HYpofractionated Pelvic Radiotherapy for Advanced Cervical Cancers INeligible for ChemoTherapy (HYACINCT)

Phase 1/2 Trial Evaluating the Effectiveness and Safety of Dose-adapted HYpofractionated Pelvic Radiotherapy for Advanced Cervical Cancers INeligible for ChemoTherapy

BACKGROUND: For patients with locally advanced cervical cancer (LACC) ineligible for concurrent chemotherapy, radiotherapy (RT) alone achieves complete response rate (CRR) <70% and long-term locoregional control (LRC) <62%. Hypofractionated (HF-)RT using older techniques results in comparable CRR and disease control, and low late toxicity rates (4-8%). Dose-adapted HF-RT using intensity-modulated radiotherapy (IMRT) with nodal simultaneous integrated boost (nSIB) could improve tumor control and toxicity.

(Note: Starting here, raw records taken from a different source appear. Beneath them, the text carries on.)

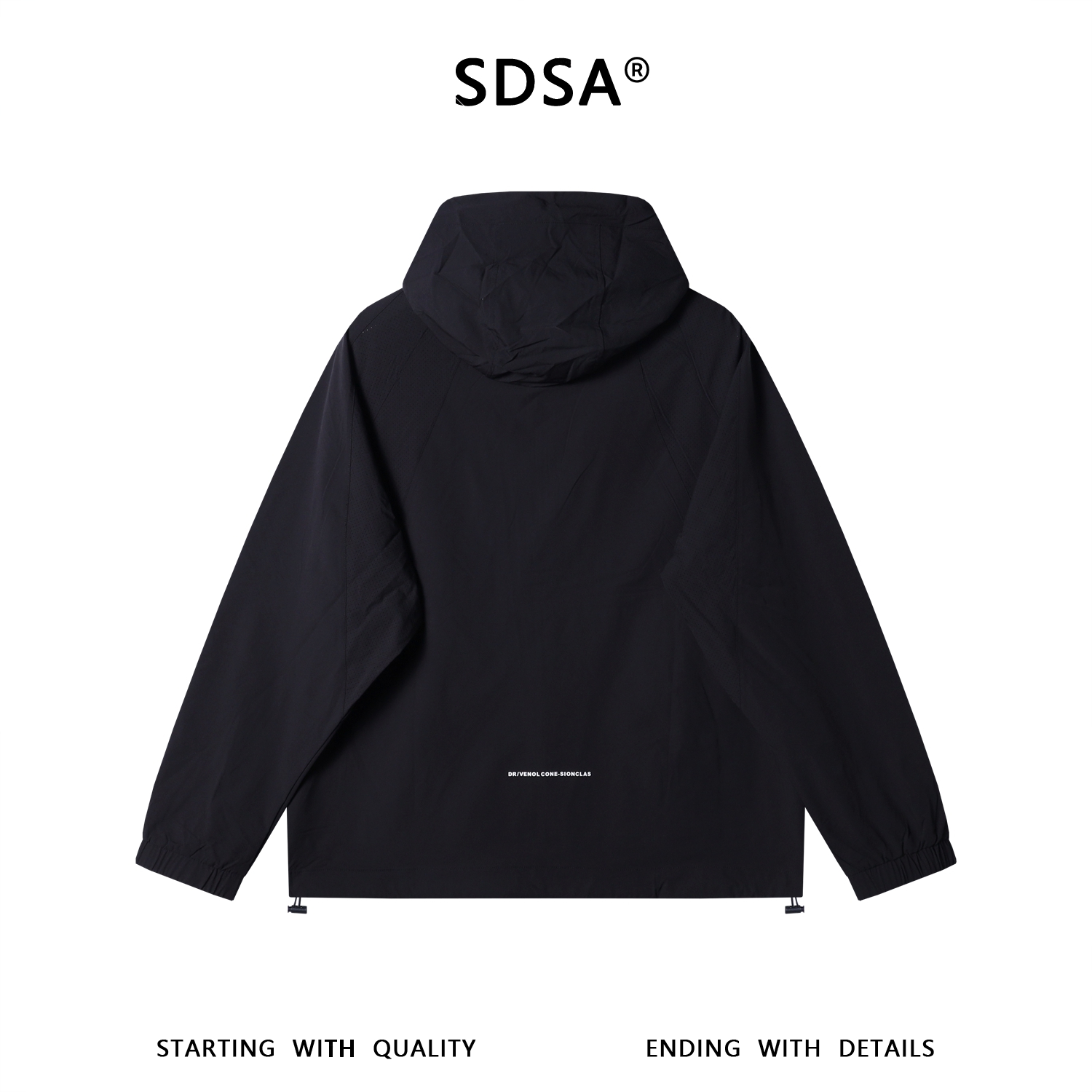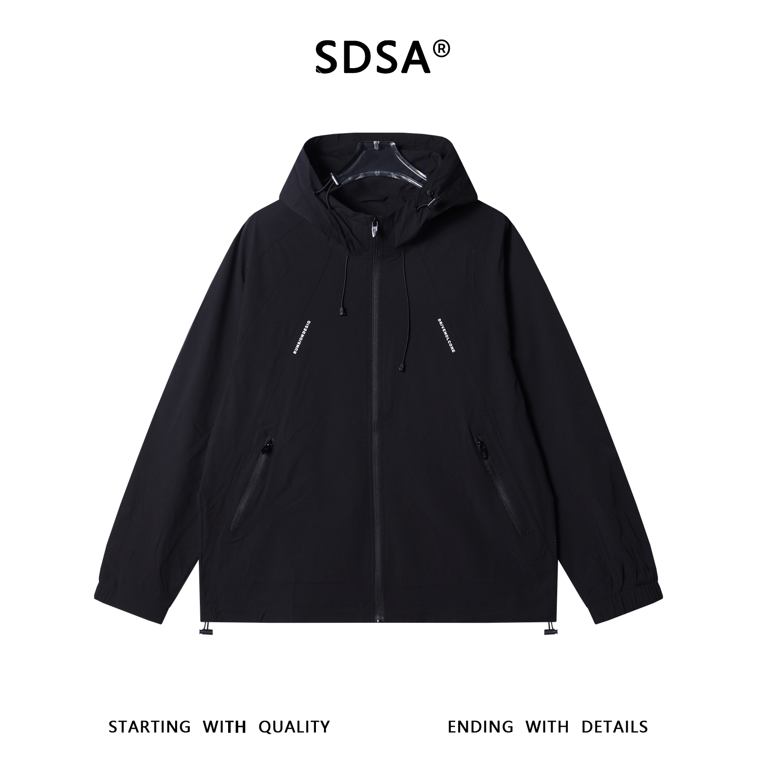 SDSA男装2026新款高贵轻奢纯色下摆松紧设计拉链立领连帽夹克百搭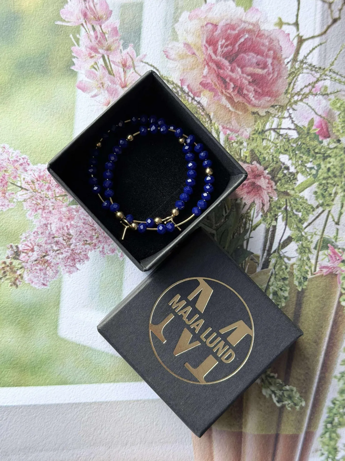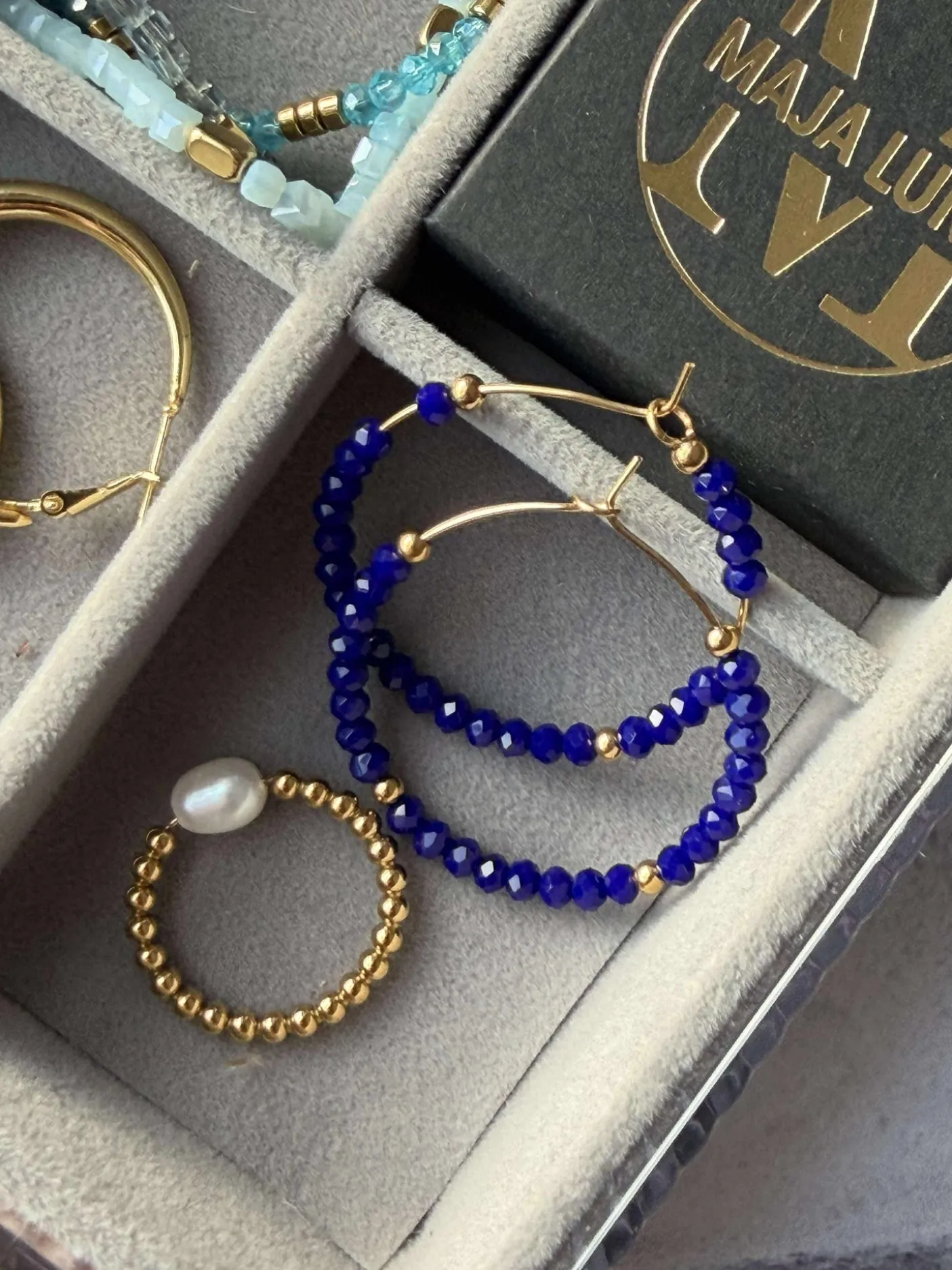 Smukke hoops med kongeblå, facetterede perler.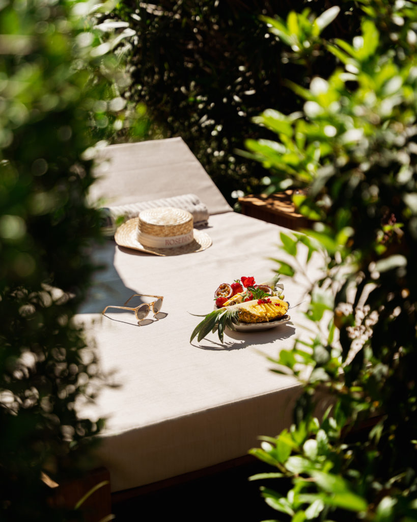 Hôtel 4 étoiles au cadre intimiste, la Bastide des Salins invite à une parenthèse douce, presque initiatique. Dès que l’on franchit le grand portail en fer forgé, le silence s’impose comme un luxe enveloppant, signant le début d’un éden de sérénité. L’accueil chaleureux, rappelle celui d’une maison de famille que l’on retrouve avec bonheur. On se sent bien, déconnecté. On pose ses valises et on respire. Sur le pourtour de la piscine chauffée, un cocktail de fruit frais à la main, on laisse filer le temps. Les beds en bois clair, couronnés de parasols aux tonalités beige, ne sont pas sans rappeler le sable chaud des salins. Les jardins arboré et luxuriant, eux, invitent à la flânerie, laissant le temps s’égrainer à la clameur de l’été. Sous les palmiers, platanes, eucalyptus et autres essences exotiques, de petites alcôves aménagées permettent de savourer l’instant, un livre à la main ou en partageant une planche de dégustation.
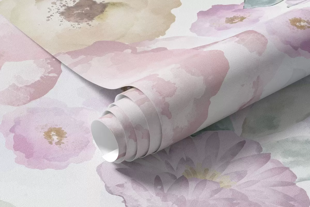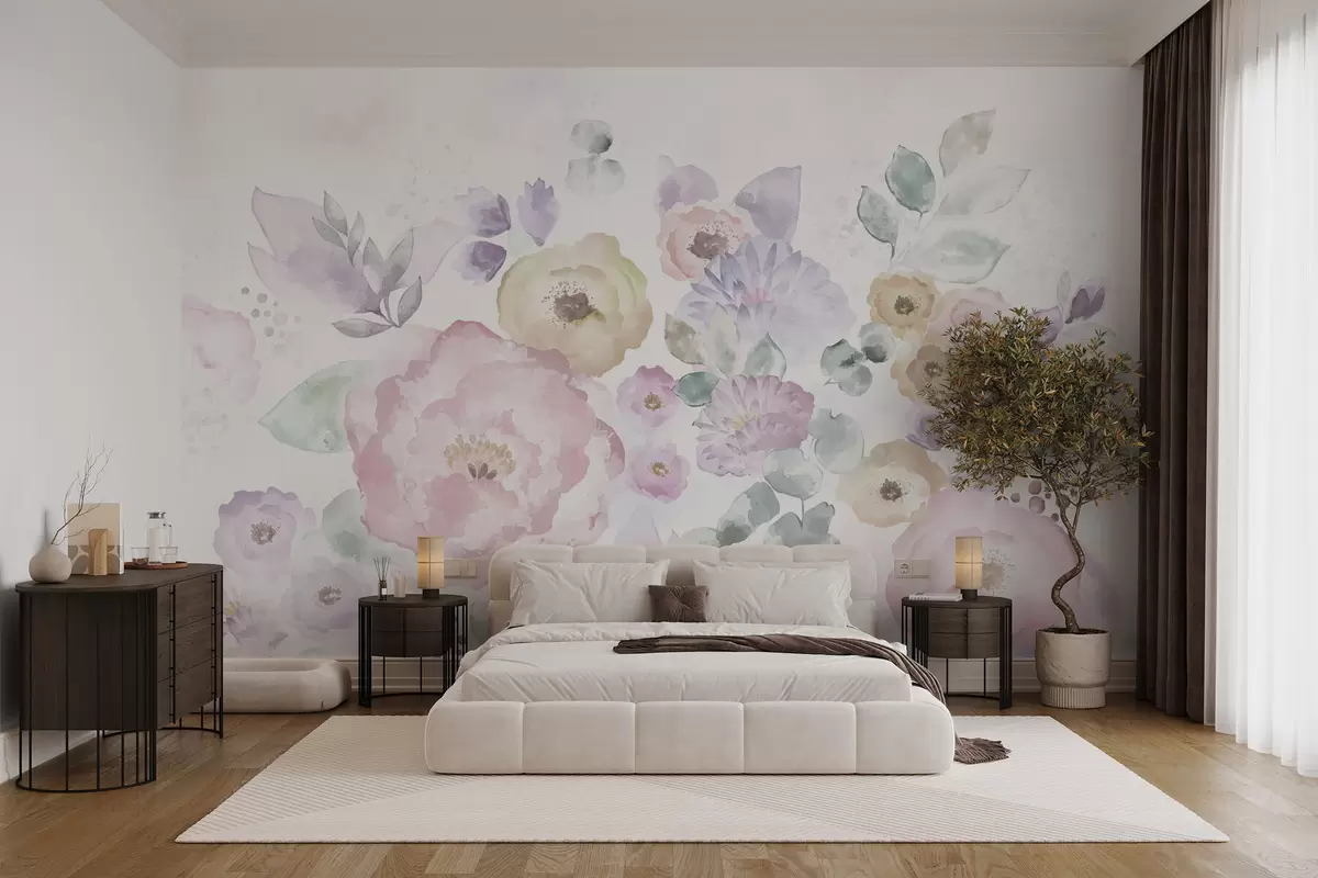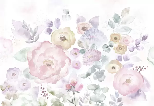 Murais de parede Composição suave em aquarela com flores e folhas Nr. w05093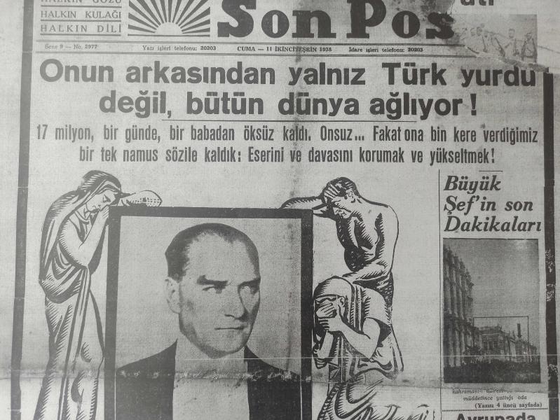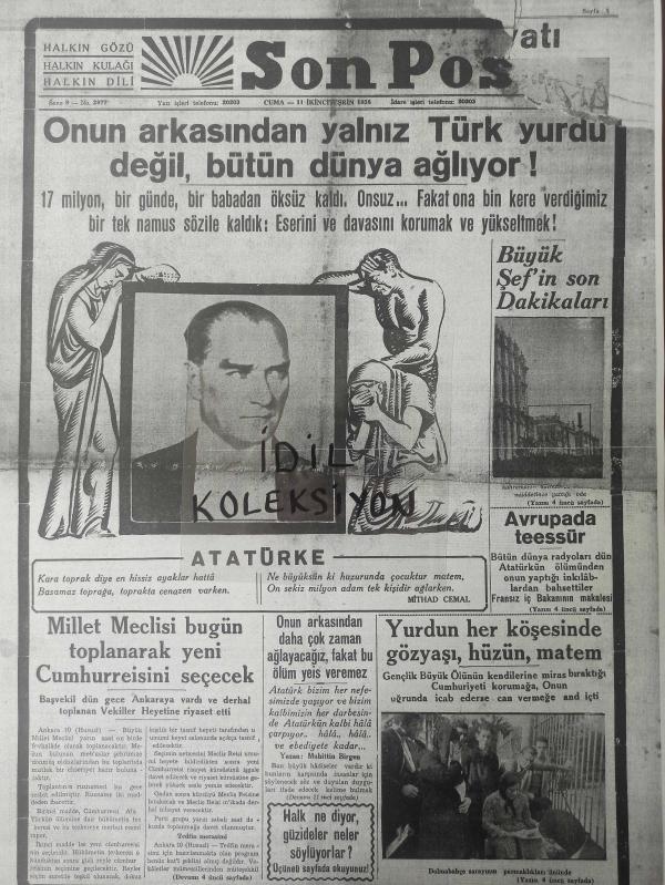 Tıpkı Basım - Dev Boy Fotokopi Kağıdında - Son Posta Gazetesi - Newspaper - 11 İkinciteşrin 1938 - 11 Kasım 1938 - 11 November 1938 - Onun arkasından yalnız Türk yurdu değil, bütün dünya ağlıyor - Avrupada teessür - Büyük Şefin son dakikaları - Yurdun her köşesinde gözyaşı, hüzün, matem - Millet meclisi bugün toparlanarak yeni Cumhurreisini seçecek - Dolmabahçe sarayının parmaklıklar önünde - Zamana bağlı olarak yırtılmalar, sararmalar, yıpranmalar görülebilir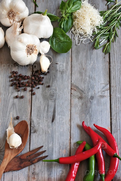 Чеснок, перец, базилик, розмарин и пармиджано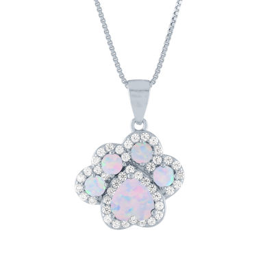 FINE JEWELRY Paw Print Womens Lab Created White Opal Sterling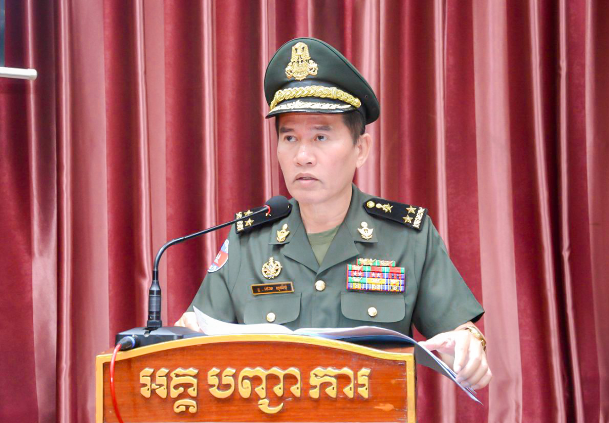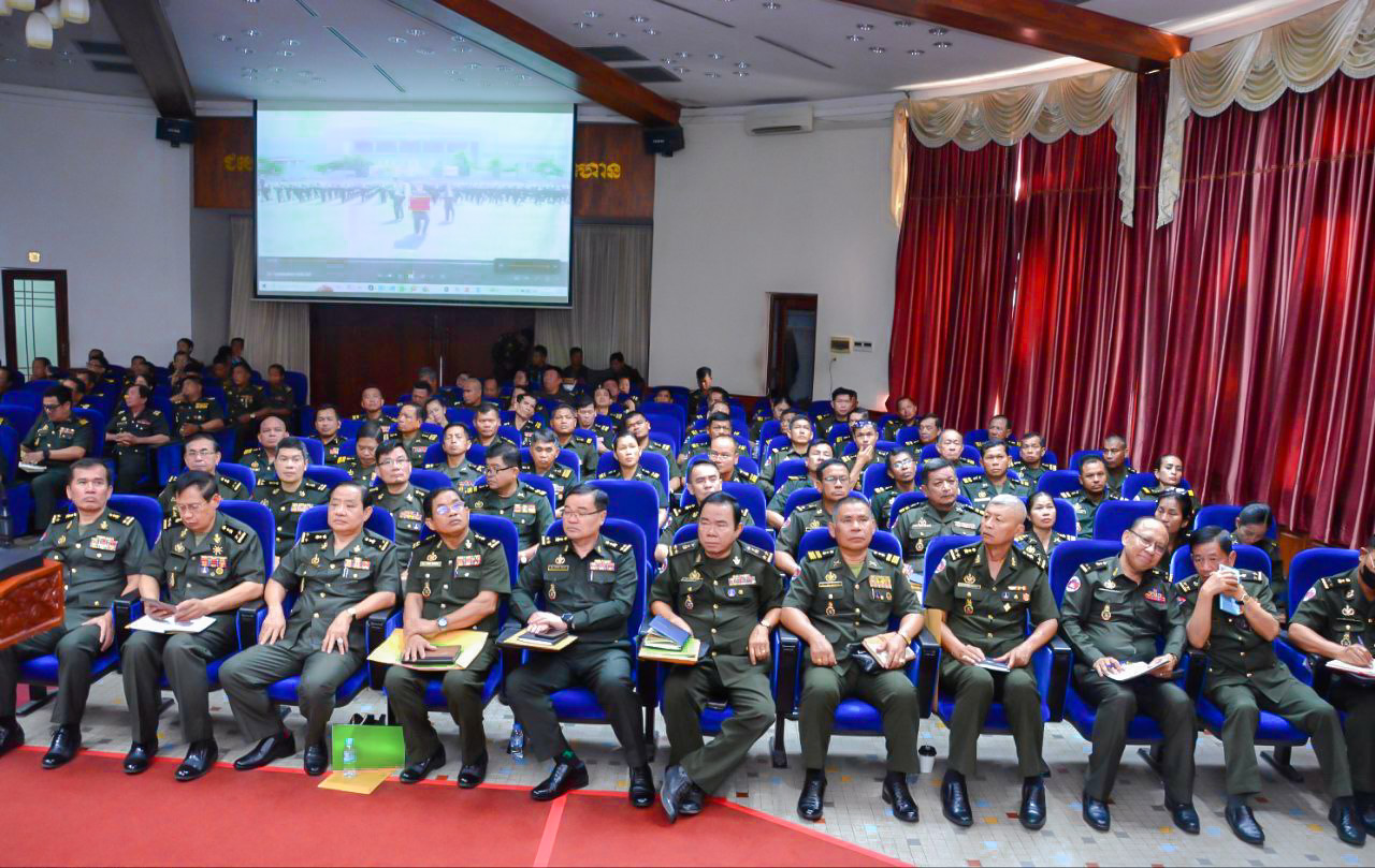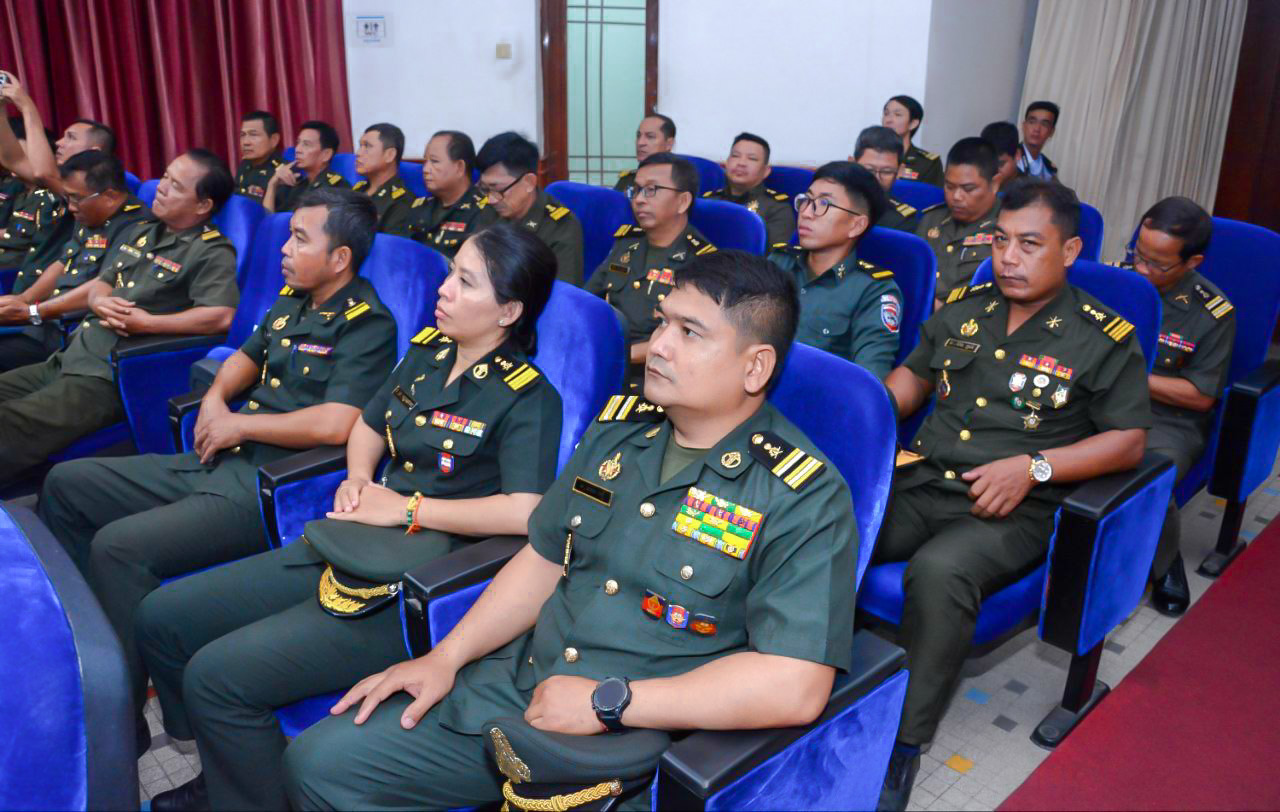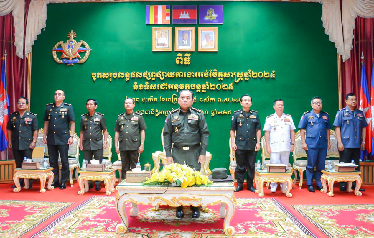 (ភ្នំពេញ)៖ នាយឧត្តមសេនីយ៍ ម៉ក់ សារុន អគ្គមេបញ្ជាការរងនៃកងយោធពលខេមរភូមិន្ទ តំណាងដ៏ខ្ពង់ខ្ពស់នាយឧត្តមសេនីយ៍ វង្យ ពិសេន អគ្គមេបញ្ជាការ បានអញ្ជើញជាអធិបតីភាពក្នុងពិធីបូកសរុបលទ្ធផលផ្សព្វផ្សាយការងារអប់រំចិត្តសាស្ត្រឆ្នាំ២០២៤ និងទិសដៅអនុវត្តបន្តឆ្នាំ២០២៥ របស់ទីចាត់ការឃោសនា-ព័ត៌មាន កាលពីព្រឹកថ្ងៃទី២ ខែមេសា ឆ្នាំ២០២៥ នៅអគ្គបញ្ជាការដ្ឋាន។

GENERAL OBJECTIVE: To determine the effectiveness and safety of HF-RT with (or without) nSIB in LACC among patients who are chemo-ineligible.

PRIMARY OBJECTIVES:

Phase 1: To determine the maximum tolerated dose (MTD) for nSIB used in combination with pelvic HF-RT (2.67 Gray (Gy) x 15 fractions), using IMRT Phase 2: To assess the efficacy of HF-RT ± nSIB in terms of complete response rates at 3 months

SECONDARY OBJECTIVES:

To assess the efficacy of HF-RT ± nSIB in terms of progression free survival (PFS), locoregional PFS, distant metastasis free survival (DMFS), cervical cancer specific survival (CCSS), overall survival (OS)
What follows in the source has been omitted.